Switching a client to Wordpress
I’m working with a client who has a brochure-type website to which he periodically posts articles. This website was created several years ago, nominally in ASP, but the site consists of mostly static content, with one lonely contact form.
The client is looking for a few changes: he wants to strongly encourage visitors to provide him with their email address before reading articles on the site. To this end, he wants to present users with a squeeze page when they visit an article: they will be asked to provide their email address, but can opt-out of this and proceed to the article.
Additionally, he is publishing a book and wants to include links in the text to up-to-date content on his website content. He wants these links to look good, like http://www.example.com/book/guitar-manufacturers-in-england, for example.
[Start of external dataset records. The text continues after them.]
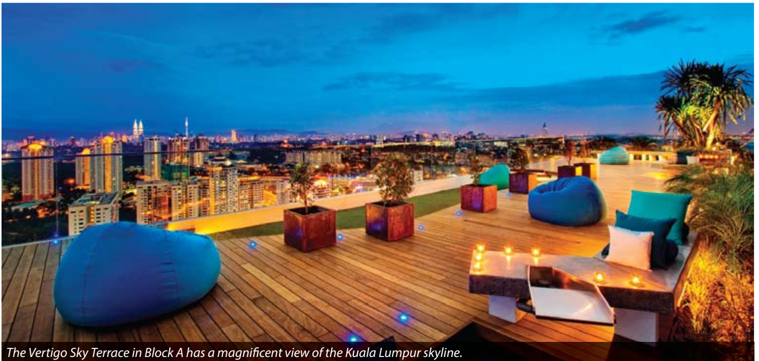
The Vertigo Sky Terrace in Block A has a magnificent view of the Kuala Lumpur skyline.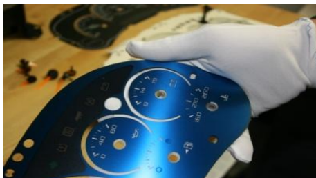
14. Only hold the gauge face by the edges.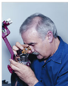
Safidco USA Inc.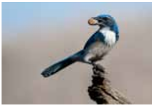
Western Scrub Jay

This seems to be a client who would be better suited with Wordpress than with his current system. He’s publishing periodic articles, and he has some business services to sell, so he needs brochure-type pages.
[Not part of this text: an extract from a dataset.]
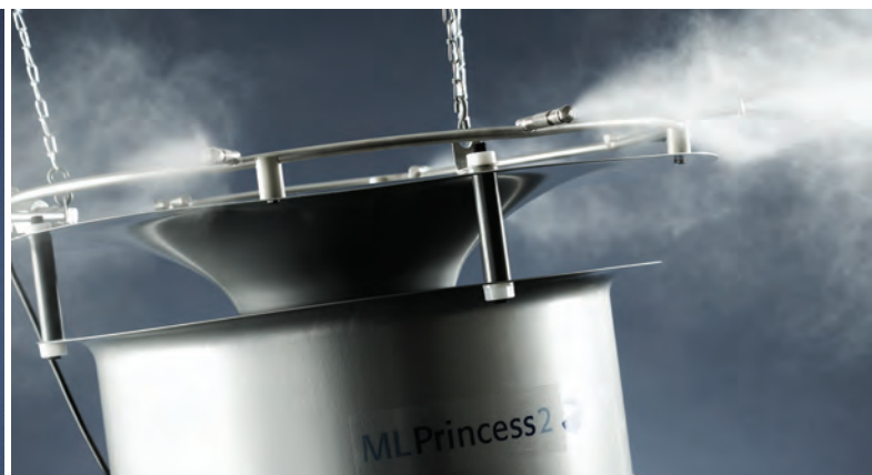
ML Princess high pressure humidifier

Wordpress can easily support these needs. It offers blog posts, which would suit the articles, and pages, which would suit the non-chronological content. It would be easy to reimplement his template in wordpress’s templating system. There are plugins to do most of the work for the email collection system, and the squeeze page could be integrated. The pretty links for the book could be supported directly and easily if running on Apache, and with a bit more difficulty under IIS.
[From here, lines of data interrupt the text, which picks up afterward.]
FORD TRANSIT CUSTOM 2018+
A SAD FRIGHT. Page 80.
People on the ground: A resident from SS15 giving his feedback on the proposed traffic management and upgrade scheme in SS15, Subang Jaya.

Then there’s the question of platforms, and switching away from the all-Microsoft solution. Wordpress works only with MySQL and requires PHP. It’s much better to run it under Apache, and it doesn’t matter if the OS is Windows or Linux.
The advantages of Wordpress are that it is easy for the client to post articles and SEO-type functionality is vastly improved – blog feeds are built in, and plug and play plugins are available for generating google sitemaps and integration with google analytics. The implementation would have to setup 301 permanent redirects for the current .asp pages, which would impose no additional burden beyond that imposed by implementing the pretty links for the book.
This would be an upsell, but it would perhaps give the client functionality they’ve been wanting, and would make many future improvements cheaper, in some cases trivially cheap.